GBP/USD, EUR/USD Forecast: Two trades to watch

Fiona Cincotta
By :  ,  Senior Market Analyst

GBP/USD falls as wage growth eases and the labour market loosens

  • Total wage growth eased to 5.8% from 5.9%
  • Unemployment rose to 4.4% from 4.3%
  • GBP/USD falls towards 1.27

The pound is inching lower after UK jobs data showed that pay growth continued to cool in April despite a 10% increase in the national living wage.

Wage growth cooled to 5.8% in the three months to April, down from 5.9% in March, putting it on the right trajectory and supporting falling price pressures.

Meanwhile, the unemployment rate unexpectedly ticked higher to 4.4%, showing that labour market conditions continued to loosen.

Hotter-than-expected service sector inflation meant that a June interest rate cut was off the table. However, pay growth is slowing in line with the Bank of England's expectations, and labor market conditions are easing. Today's data appears to be in line with the MPC cutting rates later this summer.

Meanwhile, the USD is holding steady as investors look ahead to US inflation data and the FOMC interest rate decision tomorrow.

Get our exclusive guide to GBP/USD trading in Q2 2024

GBP/USD forecast – technical analysis

GBP/USD found support once again in the 1.2680 region, also the lower band of the rising channel. The long lower wick on the candle suggests little selling demand at the lower price.

Sellers will need to take out the 1.27 -1.2680 zone, to extend losses towards 1.2640 the 100 SMA.

Any recovery would need to retake 1.28, ahead of 1.2890, the 2024 high.

gbp/usd forecast chart



EUR/USD steadies as the dust settles after the weekend elections

  • EUR steadies after political uncertainty worries settle
  • ECB chief economist Philip Lane to speak
  • EUR/USD holds above 1.0750

The euro has stabilised today after yesterday's sell-off following a surprise snap election called by French President Macron.

Macron’s announcement of a snap election in France came after his party's disappointing performance in the European parliamentary elections. Political uncertainty could prevent the ECB from further rate cuts this year if the central bank opts to pause further cuts to assess how a change to a right-wing governing party could impact the economy.

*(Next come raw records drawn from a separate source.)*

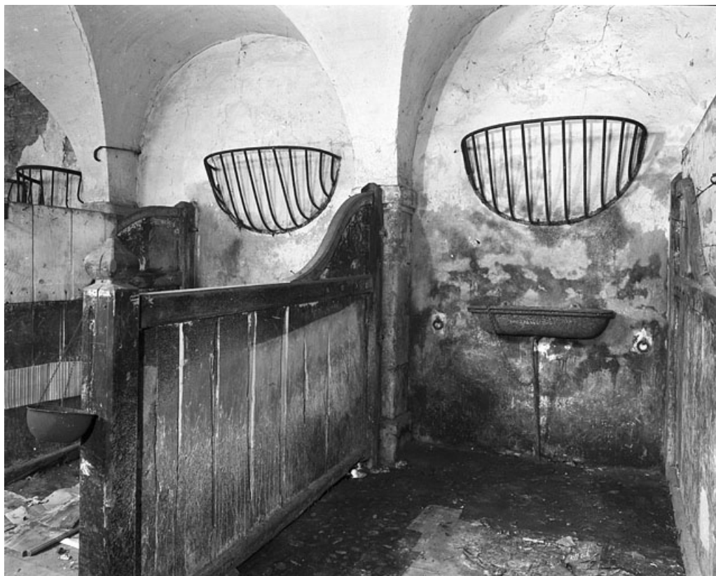
Ecurie : détail d'une stalle.

25, Besançon, 86 rue des Granges, lieudit : îlot Forum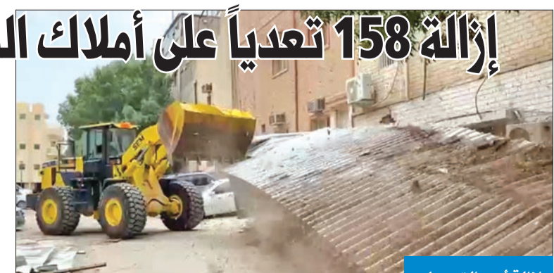
إزالة أحد التعديات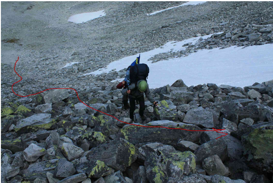
Шлях до перевалу з півночі:

Attention will now turn to ECB chief economist Philip Lane, who is due to speak later and could provide further clarity over the future path for interest rates and inflation.

His comments come after the ECB cut interest rates last week for the first time in five years but also upwardly revised its inflation forecast.

Separately, the US dollar is holding on to recent gains as the US dollar index trades around a monthly high. The US dollar pushed northwards after stronger-than-expected US nonfarm payrolls, which saw the market push back on Federal Reserve rate cut expectations.

Attention is now on tomorrow's inflation figures and the FOMC rate decision. The Fed is not expected to cut rates but could provide more clues about whether it's still considering a rate cut this year. The market is now pricing in less than 50% probability of a September cut, down from 70% prior to Friday's nonfarm payroll report.

EUR/USD forecast – technical analysis

After running into resistance at 1.0915, EUR/USD recorrected lower, breaking below the 100 SMA and the 200 SMA before finding support on the falling trendline dating back to the start of the year.

Sellers supported by the RSI below 50 will look to take out the falling trendline support at 1.0750 and yesterday’s low at 1.0730. Below here, 1.0700 comes into play.

Any recovery must retake the 200 SMA at 1.0790 and the 100 SMA at 1.08 to bring the rising trendline resistance at 1.0840 into focus. Above here, attention turns to 1.0915, the June high.